- DIRECTIONS FOR THIS TASK: Images do not belong in the copy. Retype all the entries below exactly.

- MATERIALS PROVIDED:

■ ■ ■

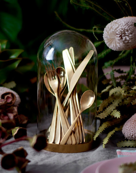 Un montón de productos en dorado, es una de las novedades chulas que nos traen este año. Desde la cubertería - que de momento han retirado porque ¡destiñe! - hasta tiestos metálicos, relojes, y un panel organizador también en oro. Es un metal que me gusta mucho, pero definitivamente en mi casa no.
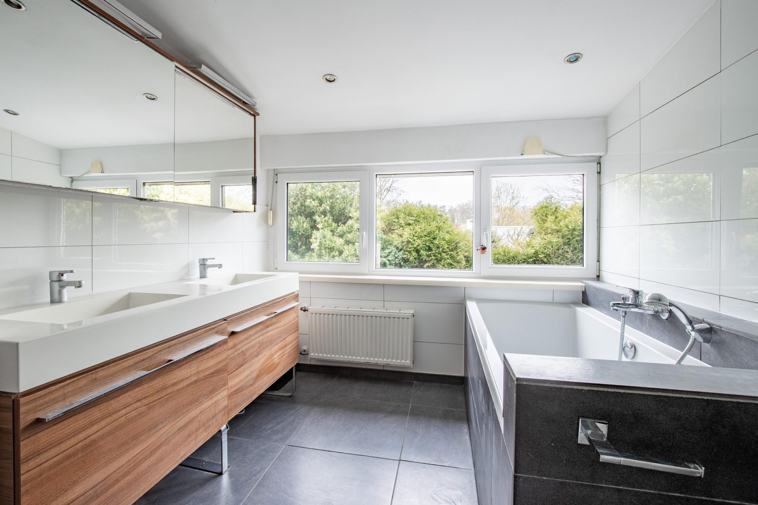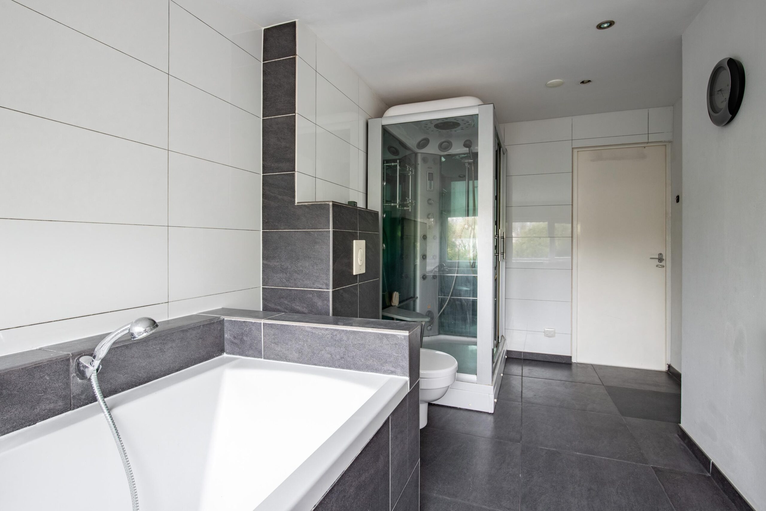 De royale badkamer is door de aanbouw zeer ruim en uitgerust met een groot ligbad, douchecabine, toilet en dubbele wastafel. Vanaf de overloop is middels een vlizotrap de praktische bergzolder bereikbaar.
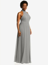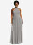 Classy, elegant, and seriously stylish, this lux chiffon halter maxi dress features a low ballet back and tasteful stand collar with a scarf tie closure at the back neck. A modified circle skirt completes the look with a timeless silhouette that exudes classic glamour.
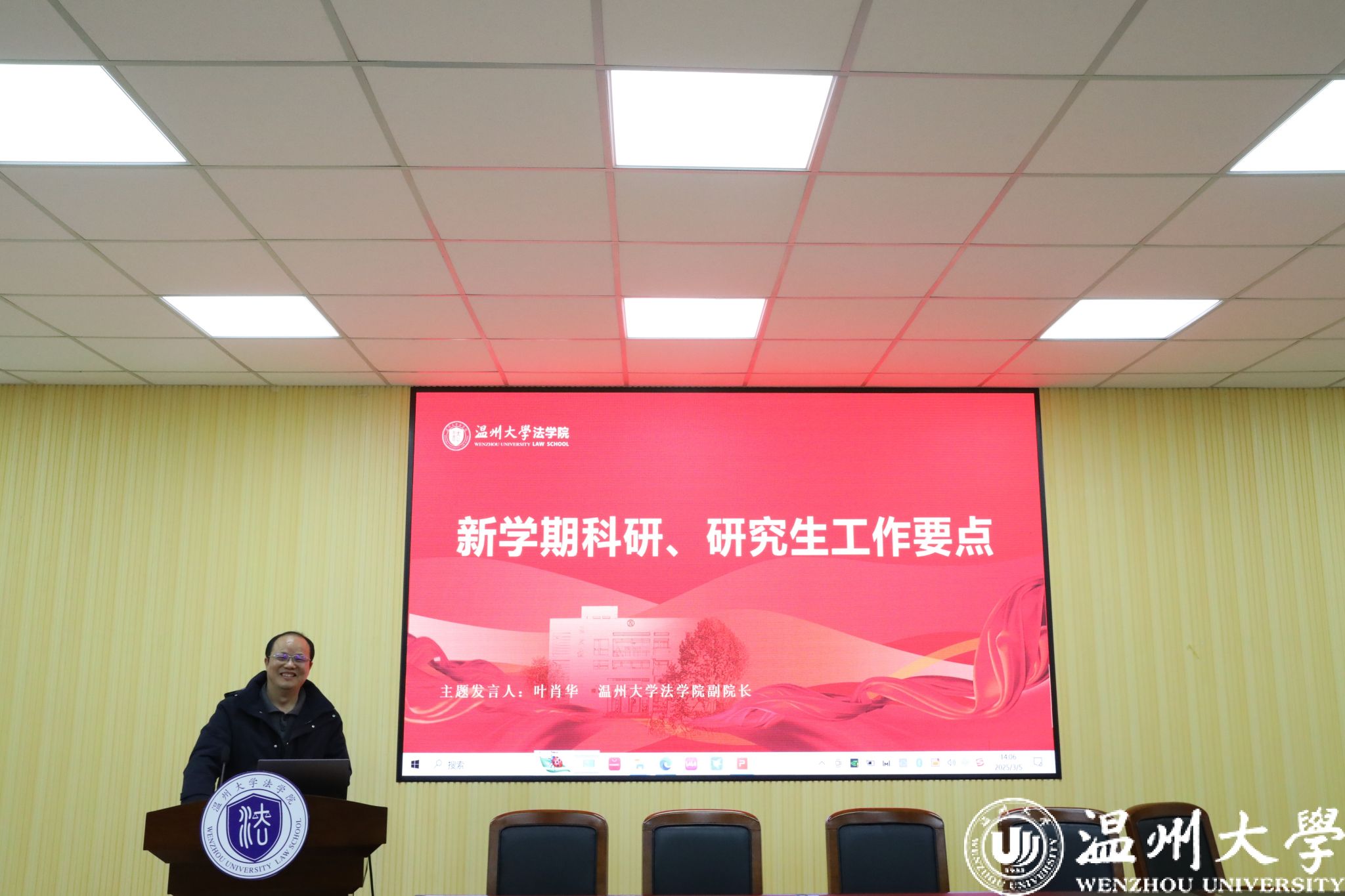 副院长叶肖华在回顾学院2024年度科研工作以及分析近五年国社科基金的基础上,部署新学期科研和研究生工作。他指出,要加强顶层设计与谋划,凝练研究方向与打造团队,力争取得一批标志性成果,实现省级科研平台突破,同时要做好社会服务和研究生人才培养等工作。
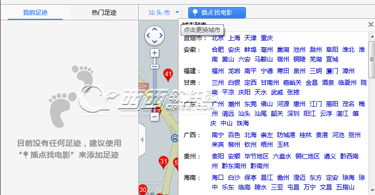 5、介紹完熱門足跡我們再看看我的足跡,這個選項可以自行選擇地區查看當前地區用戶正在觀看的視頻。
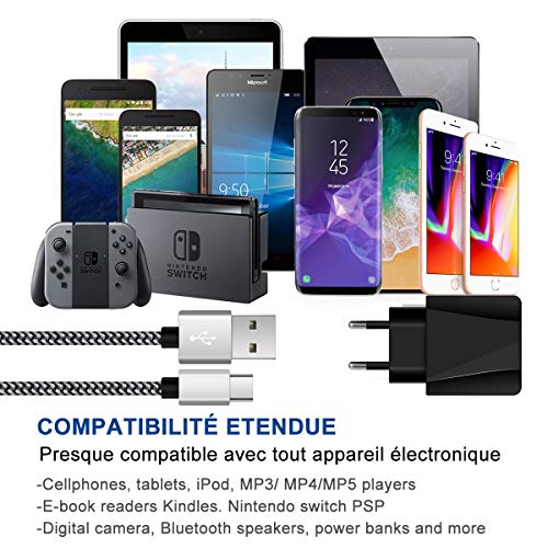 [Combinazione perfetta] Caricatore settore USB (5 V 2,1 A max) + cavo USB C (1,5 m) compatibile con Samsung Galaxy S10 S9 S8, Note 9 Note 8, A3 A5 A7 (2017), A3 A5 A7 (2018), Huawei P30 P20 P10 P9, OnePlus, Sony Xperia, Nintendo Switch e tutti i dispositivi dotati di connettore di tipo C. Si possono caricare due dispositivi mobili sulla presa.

■ ■ ■

- RESULT OF THIS TASK:
 Un montón de productos en dorado, es una de las novedades chulas que nos traen este año. Desde la cubertería - que de momento han retirado porque ¡destiñe! - hasta tiestos metálicos, relojes, y un panel organizador también en oro. Es un metal que me gusta mucho, pero definitivamente en mi casa no.
 De royale badkamer is door de aanbouw zeer ruim en uitgerust met een groot ligbad, douchecabine, toilet en dubbele wastafel. Vanaf de overloop is middels een vlizotrap de praktische bergzolder bereikbaar.
 Classy, elegant, and seriously stylish, this lux chiffon halter maxi dress features a low ballet back and tasteful stand collar with a scarf tie closure at the back neck. A modified circle skirt completes the look with a timeless silhouette that exudes classic glamour.
 副院长叶肖华在回顾学院2024年度科研工作以及分析近五年国社科基金的基础上,部署新学期科研和研究生工作。他指出,要加强顶层设计与谋划,凝练研究方向与打造团队,力争取得一批标志性成果,实现省级科研平台突破,同时要做好社会服务和研究生人才培养等工作。
 5、介紹完熱門足跡我們再看看我的足跡,這個選項可以自行選擇地區查看當前地區用戶正在觀看的視頻。
 [Combinazione perfetta] Caricatore settore USB (5 V 2,1 A max) + cavo USB C (1,5 m) compatibile con Samsung Galaxy S10 S9 S8, Note 9 Note 8, A3 A5 A7 (2017), A3 A5 A7 (2018), Huawei P30 P20 P10 P9, OnePlus, Sony Xperia, Nintendo Switch e tutti i dispositivi dotati di connettore di tipo C. Si possono caricare due dispositivi mobili sulla presa.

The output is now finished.